The album’s identity is undoubtedly firmly rooted in stories of love and life in all its forms and frailties. The tone is one of a personal communiqué rather than an attempt at any political treatise. Coming from Mayobridge, outside Newry, was Kieran tempted to try to put his own personal perspective on matters political, particularly given the extraordinary advances of recent months?
“I certainly haven’t made a conscious effort to steer clear of politics in my songwriting,” he insists, “but there are people who can do that better than me. It’s just not the way I write. I am fairly politically aware but I’ve always stood back from platforms. I don’t trust them. I’ve always been suspicious of people who try to express everyone’s feelings for them. It’s the personal that I want to get across to people and if it is universal, then, all the better. If you can tap into the feelings of a whole generation, then great! Then you’re a genius – you’re Bob Dylan!
“I’ve always considered myself nationalist and Irish in that I speak Irish and culturally I’ve much more in common with Irish people than I have with English people, but that’s about as far as I’m going to take it.

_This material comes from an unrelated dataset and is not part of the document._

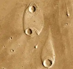 Certaines formations rocheuses semblent être des îlots sédimentaires façonnés par le courant dans la région d'Ares Vallis.

Inevitably the North had to be solved by people sitting down and talking through their differences and compromising. But that political situation didn’t move me to write in the same way that more immediate things, like my own or my friends’ experiences do.”
As far as Kieran Goss is concerned he’s here for the long haul. He knows what he wants to write about and he recognises his own musical strengths which allow him to carry on along the path he’s taken so far. The decision to go it alone is one he’s happy to live with because, for him the bottom line is that he “wouldn’t make an album that (he) couldn’t stand over.”
“After all,” he says, grinning, “Van Morrison and Leonard Cohen are in it for the long haul. So why can’t I?!”